While Flash on the iPhone and iPad certainly isn’t in the cards, it looks like it will be coming to Android even sooner than Google VP Andy Rubin said it would.
Mobile browser company Skyfire released version 2.0 today, which brings Flash video to Android along with a few other features.
The company says that it is aiming to create “the first Android browser built for the video-viewing generation but also the first mobile browser built for the Facebook generation, complete with a variety of social features” with this next version.
This new version will work on any Android version 1.6 and above and offers Flash video by transcoding it using the H.264 codec into HTML5 or into another format that your phone can understand. As the company noted in its email, “the HTML5 conversion is also promising as they intend to submit this product for iPhone fairly soon.”
Though, as we mentioned, we surely won’t be seeing native support for Flash on the iPhone, transcoding seems to be the way of Flash for mobile. Skyfire transcodes video “in the cloud”, compressing video by about 70% much in the way that Opera boosts its speeds by utilizing its servers as proxy servers. Opera recently opened the doors to other browsers on the iPhone, so Skyfire on the iPhone may too be a reality soon.
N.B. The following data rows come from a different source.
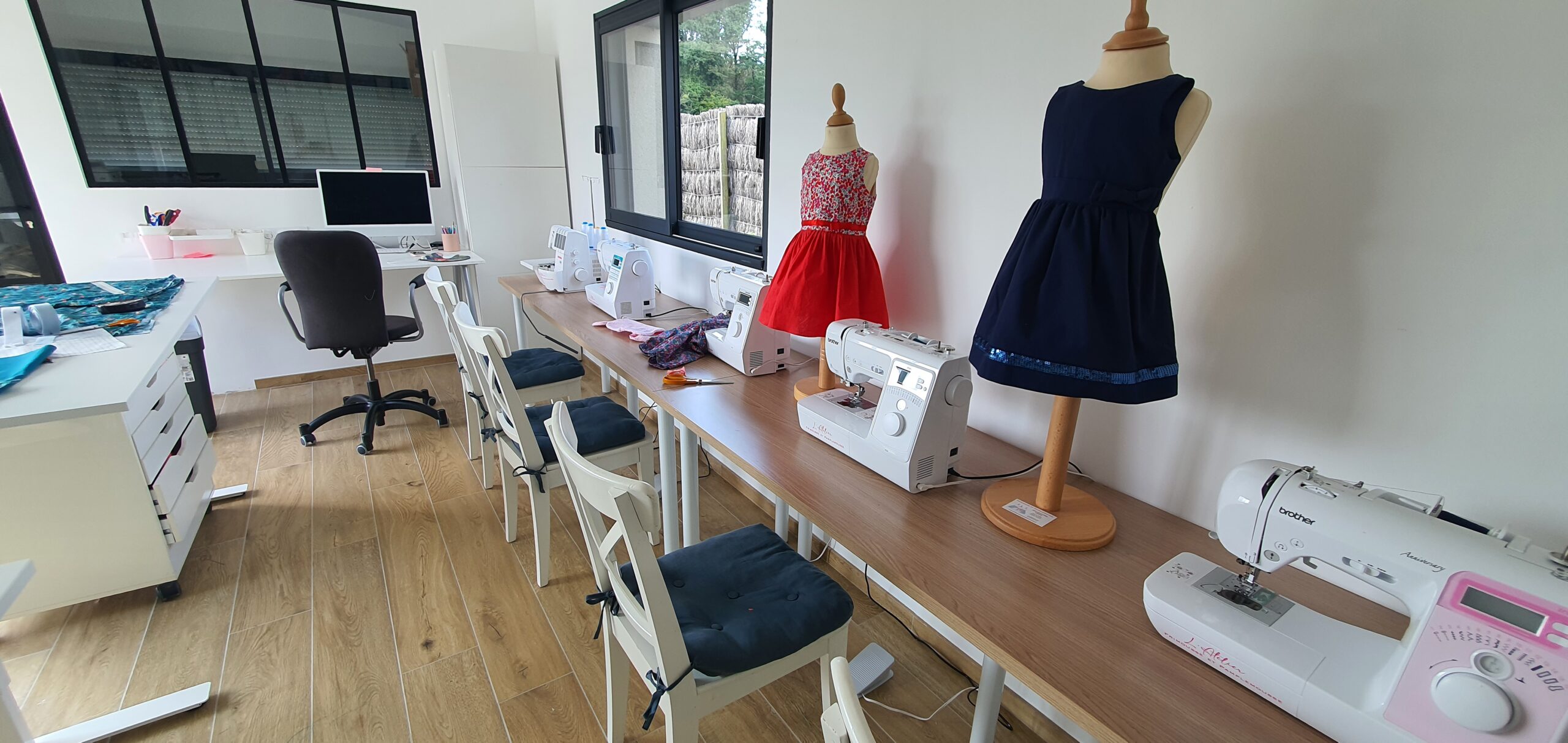 Notre atelier est équipé de machines à coudre neuves Brother®, des surjeteuses Bernina®, une piqueuse professionnelle Texi®, une brodeuse Janone®. Pour l’ensemble de nos cours, le matériel ainsi que le tissu et accessoires sont fournis. Pour les ateliers « libres », vous apportez votre tissu, votre patron et accessoires pour réaliser votre projet
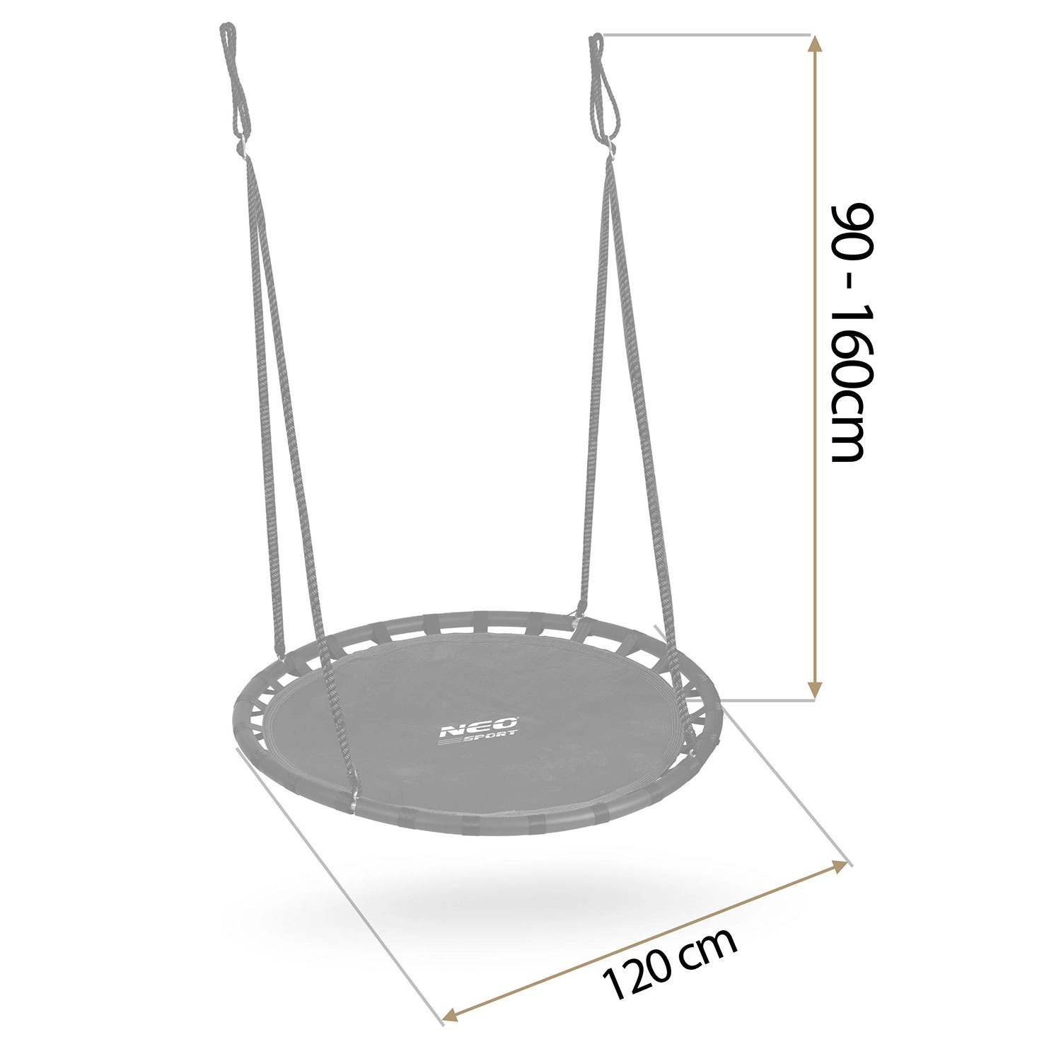 Goditi ore di divertimento e relax con l’altalena rotonda a nido dal diametro di 120 cm di NEO-SPORT. Offre seduta spaziosa e confortevole, materiale impermeabile Oxford 600D, robusto telaio in acciaio con imbottitura in schiuma e corde robuste e regolabili per un dondolio sicuro e stabile in casa e in giardino.
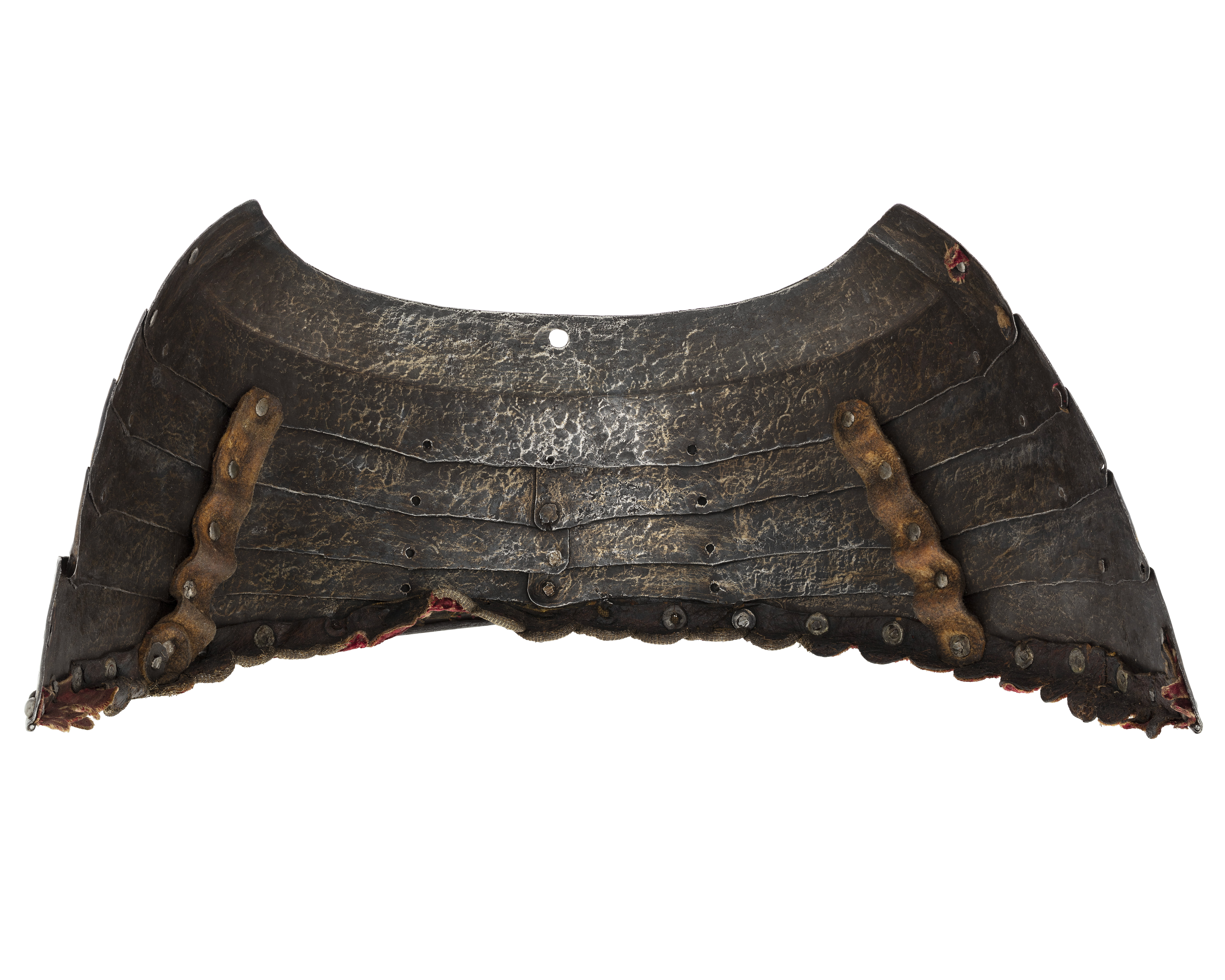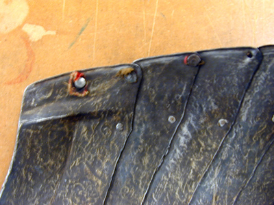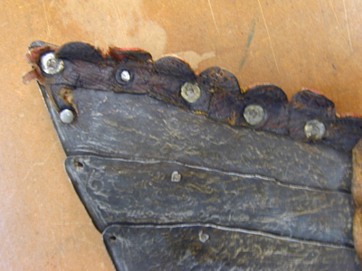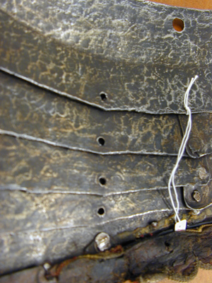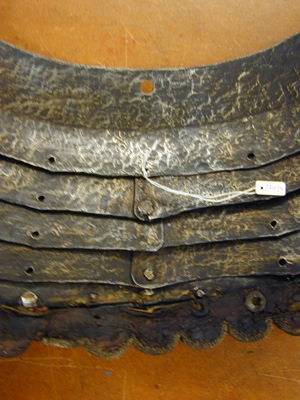 bröstharnesk med 2:ne axelsleifer af läder, klädda med rödt sammet och fastsatta med rosettformiga nitar - för lårskenornas fästande finnas 2:ne sleifer med skrifvar och muttrar af jern,
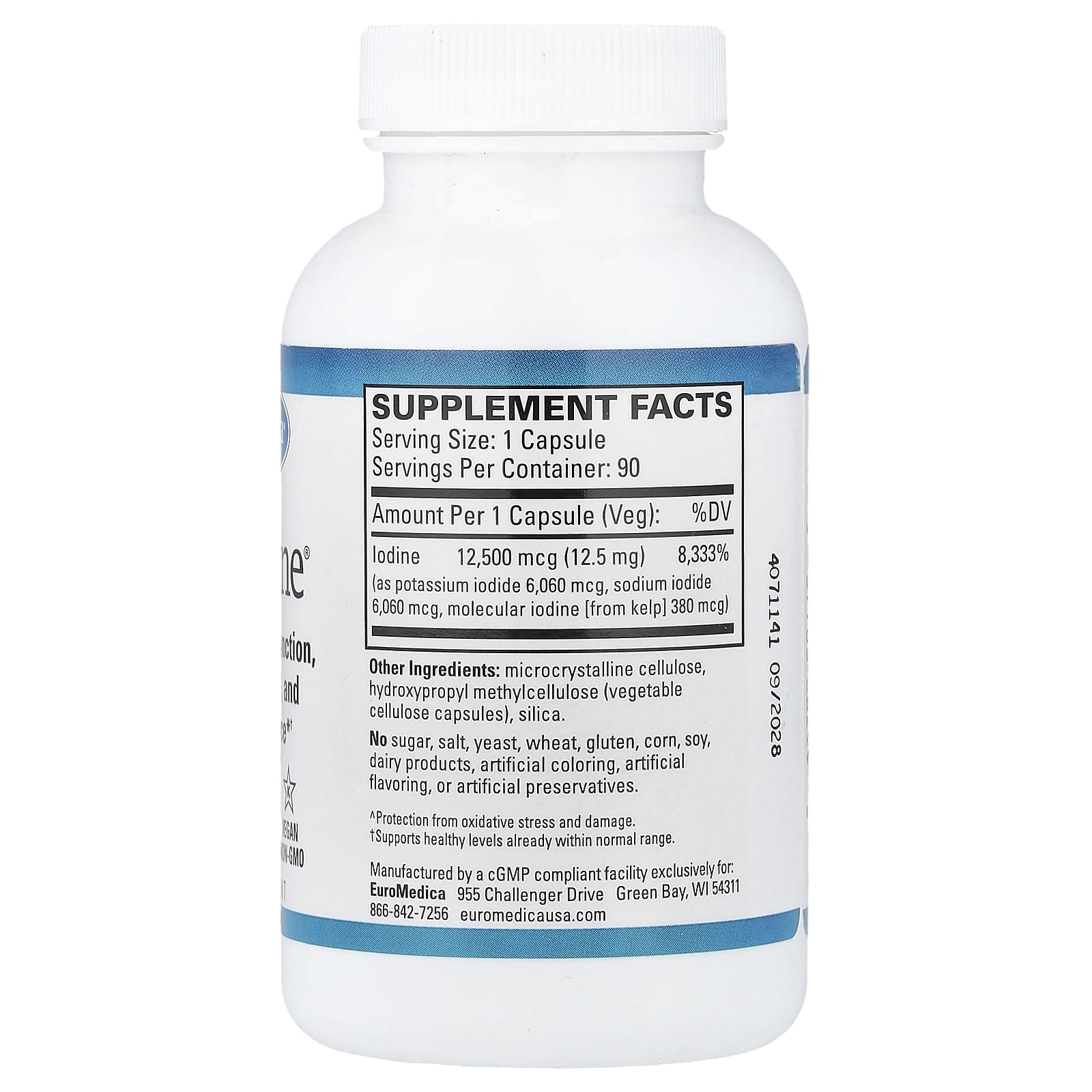 | йод (в виде йодида калия 6,060 мкг, йодида натрия 6060 мкг, молекулярного йода [из бурых водорослей] 380 мкг) | 12 500 мкг (12,5 мг) | 8333% |
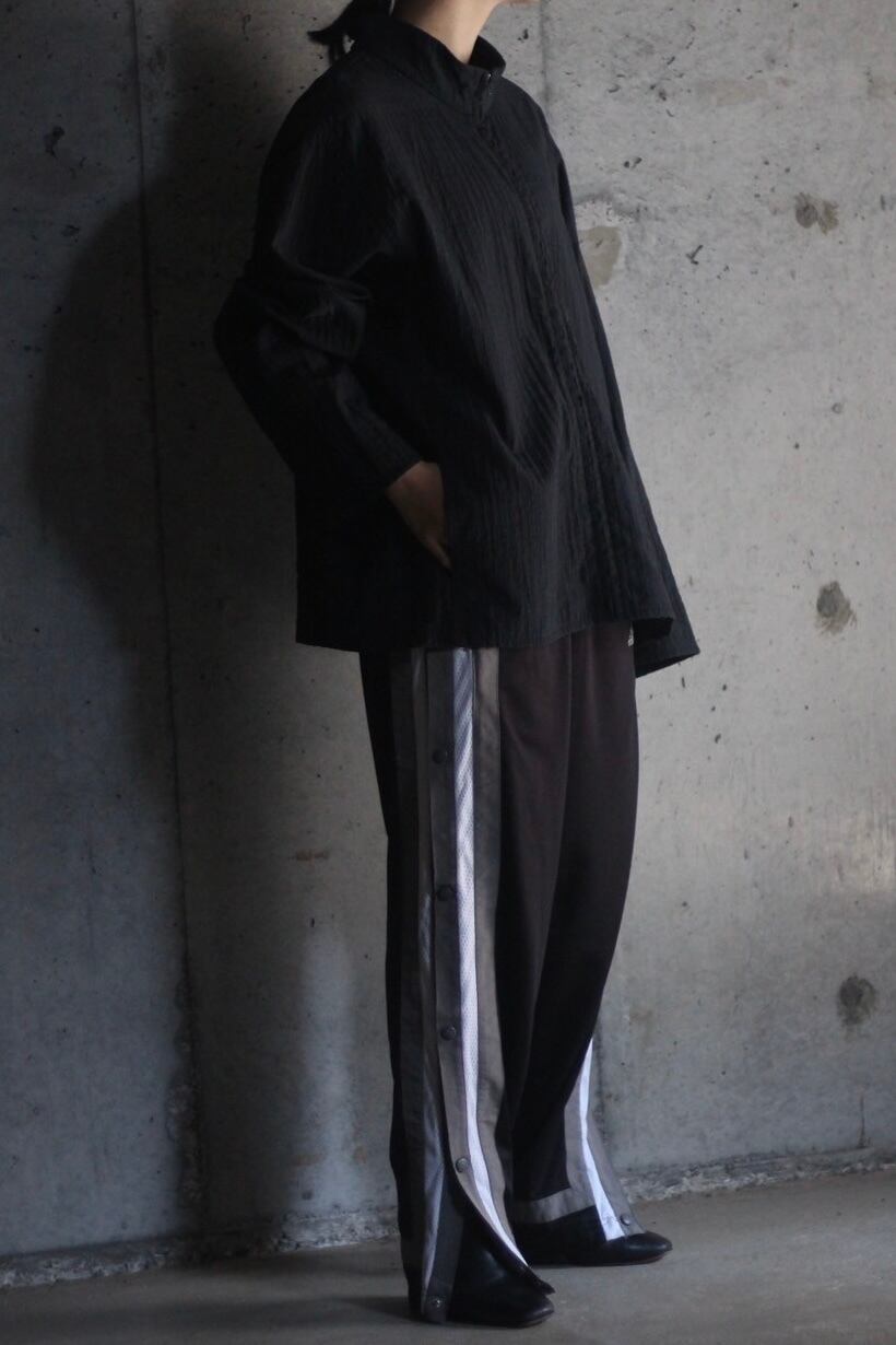 モードチックなブラックカラーリングに程よいエッジの効いた全体的な皺加工がかなりクールな一着。

In addition to bringing Flash video to Android before the OS adopted native support, the new version of Skyfire brings media recommendations based on user browsing habits and integrated social network sharing. But obviously, the big feature it’s hoping catches on is its Flash video transcoding.
Before you go getting too excited, just make a note of the fact that Hulu has already gone and blocked Skyfire from accessing its video, but the company notes that Skyfire should play a “vast majority” of Flash videos on the Web.